Prime Factorization is a mathematical function employed to break down a composite number into its prime factors. Composite numbers can be divided by more than just 1 and itself to conclude in a whole number. Prime numbers can just be divided by 1 and themselves, for example 2, 3, 5, and 7.

By working out the prime factors of a number, we could simplify equations and fractions, in addition understand the properties of that number. Let’s take a closer look.

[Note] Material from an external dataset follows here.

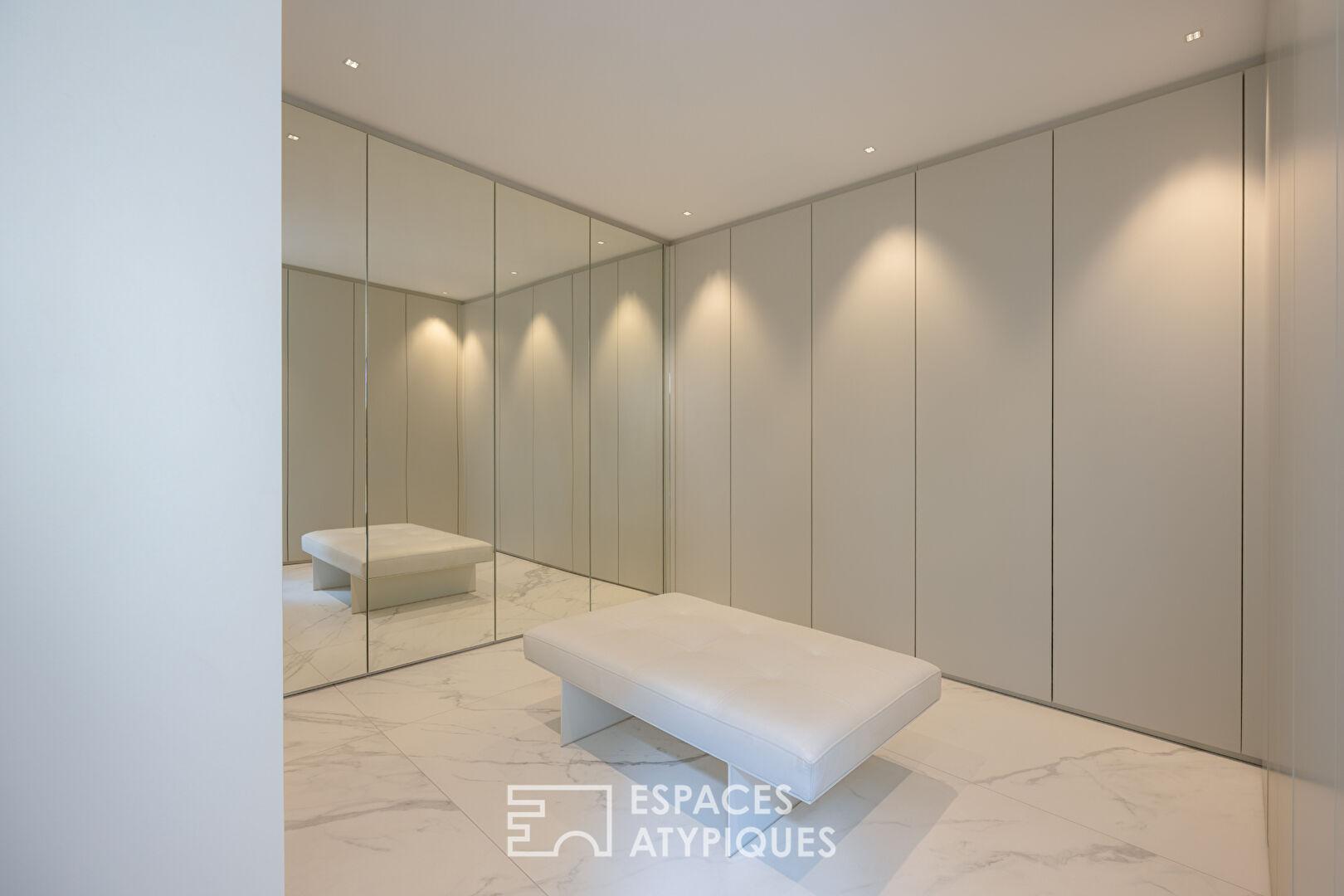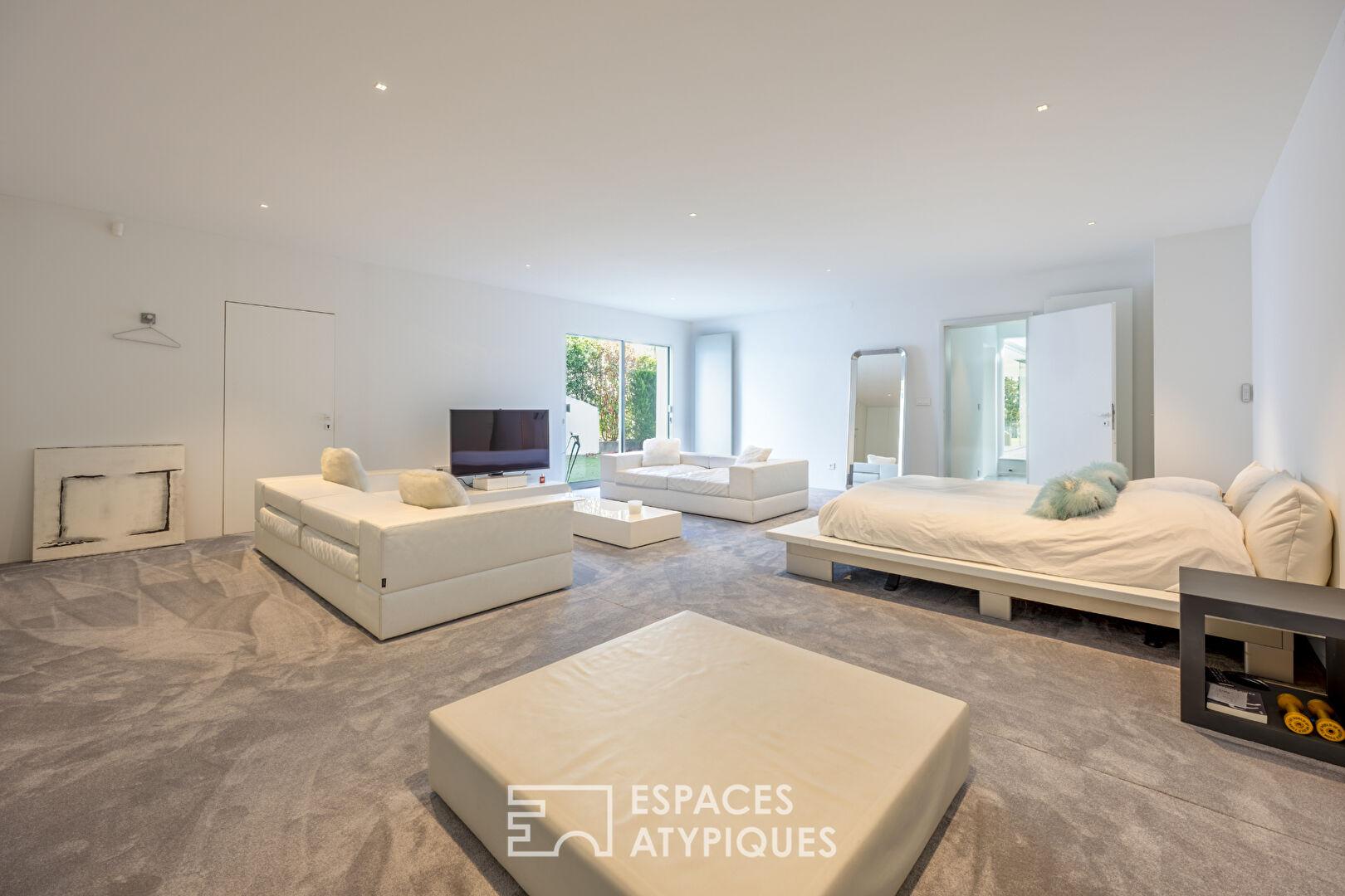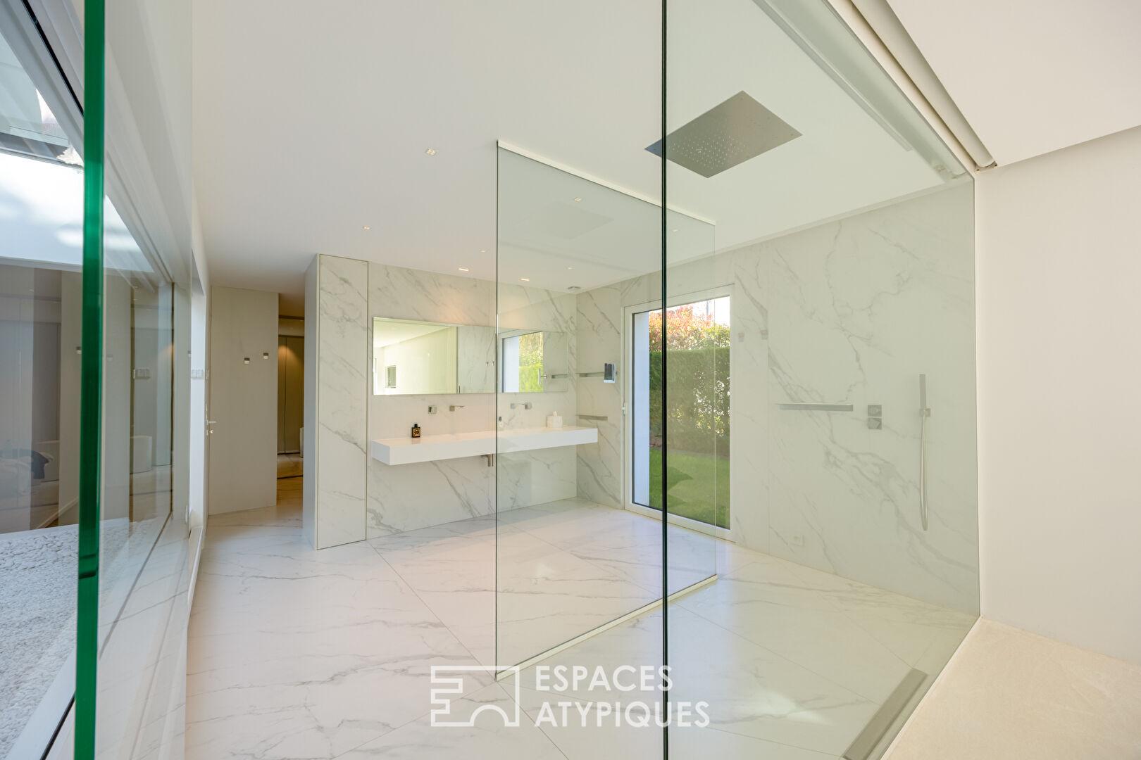 Articulé autour d’un patio minéral surplombé d’un puits de lumière, le rez-de-jardin accueille la partie nuit dont toutes les pièces bénéficient d’un accès au jardin. Elle comprend une salle d’eau et quatre chambres dont une très généreuse de 55 m². La suite parentale a été conçue dans un esprit chambre d’hôtel et s’ouvre sur un généreux dressing sur mesure. La salle d’eau habillée de marbre marque la transition vers la chambre et sa vue sur la verdure.

## Ways for Determining Prime Factorization

There are two major processes for figuring out prime factorization. You can utilize a factor tree, or you can factor by dividing by prime numbers. One as well as the other processes will grant you the same answer.

### Factor Tree Method

The first way is using a factor tree. To make a factor tree:

Start by noting the value you are trying to factor at the start of the page.

Under it, create branches for the factors.

Proceed by drawing branches and factoring till you reach a prime number.

Here’s an instance of the thought process:

We know that 6 * 6 = 36.

Is 6 a prime number? No. 2 * 3 = 6.

Are 2 and 3 prime numbers? Yes. We have reached the end.

The prime factorization of 36 will be 2 x 2 x 3 x 3. To visualize this method, we can make a factor tree for 36 as follows.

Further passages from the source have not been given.